I updated the first post in the Future Meeting Thread and added meetings for the December-March time frame.

If anyone can host a meeting in the December through March time frame, let me know and I will edit the thread. If you want to host a meeting later then March, let me know that too. I personally don't mind traveling to Columbus or even Cleveland for a meeting if we have a host. There are plenty of us who can carpool north to other meeting sites and there are always new LFS to check out.


----------



## Rob Tetrazona (Jun 21, 2005)

I'll host one Jan-Mar.


----------



## JRJ (Feb 9, 2005)

I'll host one in that time frame. December is out, but Jan or Feb would work.

-Russ


----------



## MatPat (Mar 22, 2004)

Let me know which month you two can host and I will pencil you in. I can always be a backup host if something comes up for either of you.


----------



## JRJ (Feb 9, 2005)

I'll do February. I'm tearing down my 75g and rescaping in December and that'll give the crypts a chance to come back.

-Russ


----------



## MatPat (Mar 22, 2004)

JRJ said:


> I'll do February. I'm tearing down my 75g and rescaping in December and that'll give the crypts a chance to come back.
> 
> -Russ


Thanks Russ, do you think you will be able talk about your new substrate and how it is working out at the meeting?


----------



## JRJ (Feb 9, 2005)

*Seachem Black Dust*

Sure, I can talk about it, but it won't take long. Just some general impressions and you'll be able to see it in actual action.  Sooo, there should probably be some other topics.

BTW: I received it. This stuff is really, really fine grain. More so than the 3M sand we bought. I was expecting something on the order of Onyx sand, but this way, way beyond that. I'm afraid if I wash it to reduce the dust there won't be anything left. It is the dust. Seachem may have blown it again - regular Flourite is too big (IMHO) and this is probably too fine.

-Russ


----------



## Rob Tetrazona (Jun 21, 2005)

Substrate in action is cool. I'm there! I wonder if 3M T grade would be the best of all worlds. I forget if it's coarser than S grade? Never seen it in action.  The S grade dust and finer particles do get vacuumed out over time, especially in the non-planted tank, but attention and patience at vacuuming time can cut down on loss.

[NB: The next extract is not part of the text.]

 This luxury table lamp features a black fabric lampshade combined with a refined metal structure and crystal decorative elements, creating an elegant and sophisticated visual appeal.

I never really had a problem growing plants in artifical or regular sized aquarium gravel and it's easier to clean when the time is right. Asthetics and personal preference override that statement though.

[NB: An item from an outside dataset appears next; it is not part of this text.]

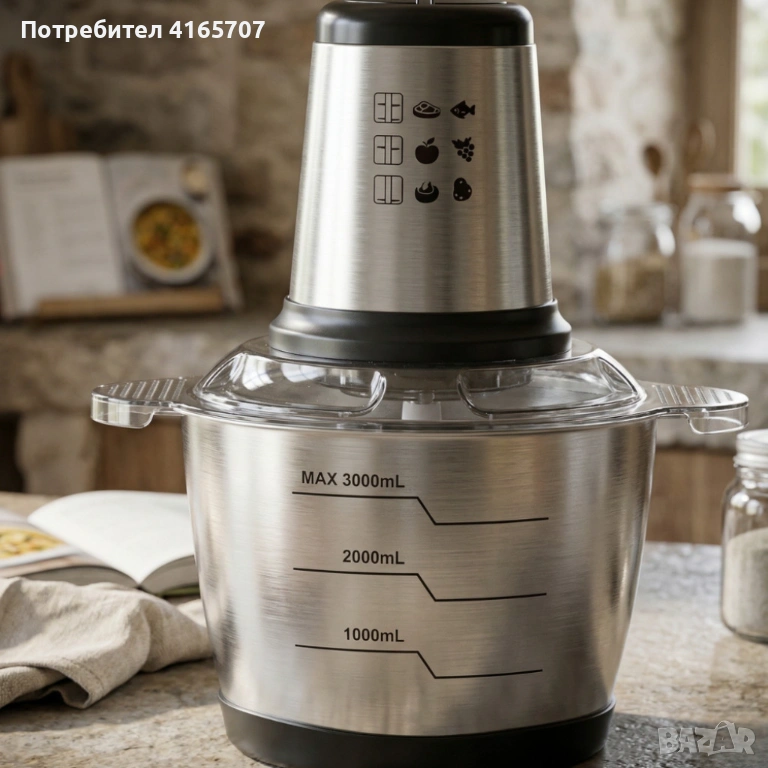 Кухненски робот Cheffinger 3L, 1000W – мощен с 2 скорости, мултифункционален чопър → Обява 53978199

I can host the January meeting, but the most action my substrate gets is from MTS's. The CRS tank is kicking as always and I may have some Black Neon & regular Neon Tetra fry to show off at that time. I'm keeping my fingers crossed. I'm trying to get the Tetra operation going again. The plant people liked that in the past. Other than that, hopefully some people will be interested in some plant friendly Bolivian Rams.


----------



## MatPat (Mar 22, 2004)

I think the T grade 3M sand is finer than the S grade. Kind of similar to Tahitian Moon Sand I think. If Russ makes the meeting, maybe we can compare the size of the new Seachem stuff he got with the Tahitian Moon Sand I have in my office tank.


----------